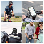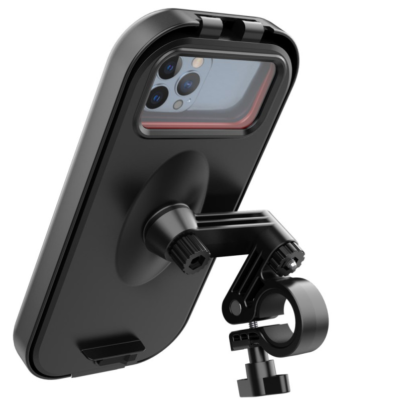 Fusionnant l'étanchéité d'un boîtier scellé à la stabilité d'un support guidon, cette fixation garantit une utilisation sans compromis. Fabriqué à partir d'un composite ABS/Nylon renforcé, ce support offre une protection complète contre la pluie, la neige et la poussière. Les coussinets internes en silicone et éponge absorbent les chocs, assurant un maintien sécurisé et ferme du téléphone (4.7 à 6.8 pouces). La tête pivotante permet une rotation de 360 degrés pour un angle de vue parfait. Il s'installe facilement sur les guidons de 18mm à 35mm de diamètre.
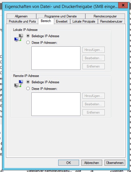 ich bin gerade dabei, Windows Firewalls zu konfigurieren. Ich will bestimmte Ports für bestimmte Rechner sperren.
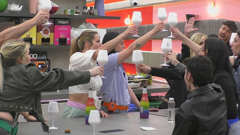 Le squadre brindano con una bottiglia di Puntocuore, riappacificandosi dopo le Nomination appena assegnate in seguito alla sfida

* * * * *

TASK TO CARRY OUT> Please set down the whole listing exactly, apart from the pictures.

RESPONSE BOX>
 Fusionnant l'étanchéité d'un boîtier scellé à la stabilité d'un support guidon, cette fixation garantit une utilisation sans compromis. Fabriqué à partir d'un composite ABS/Nylon renforcé, ce support offre une protection complète contre la pluie, la neige et la poussière. Les coussinets internes en silicone et éponge absorbent les chocs, assurant un maintien sécurisé et ferme du téléphone (4.7 à 6.8 pouces). La tête pivotante permet une rotation de 360 degrés pour un angle de vue parfait. Il s'installe facilement sur les guidons de 18mm à 35mm de diamètre.
 ich bin gerade dabei, Windows Firewalls zu konfigurieren. Ich will bestimmte Ports für bestimmte Rechner sperren.
 Le squadre brindano con una bottiglia di Puntocuore, riappacificandosi dopo le Nomination appena assegnate in seguito alla sfida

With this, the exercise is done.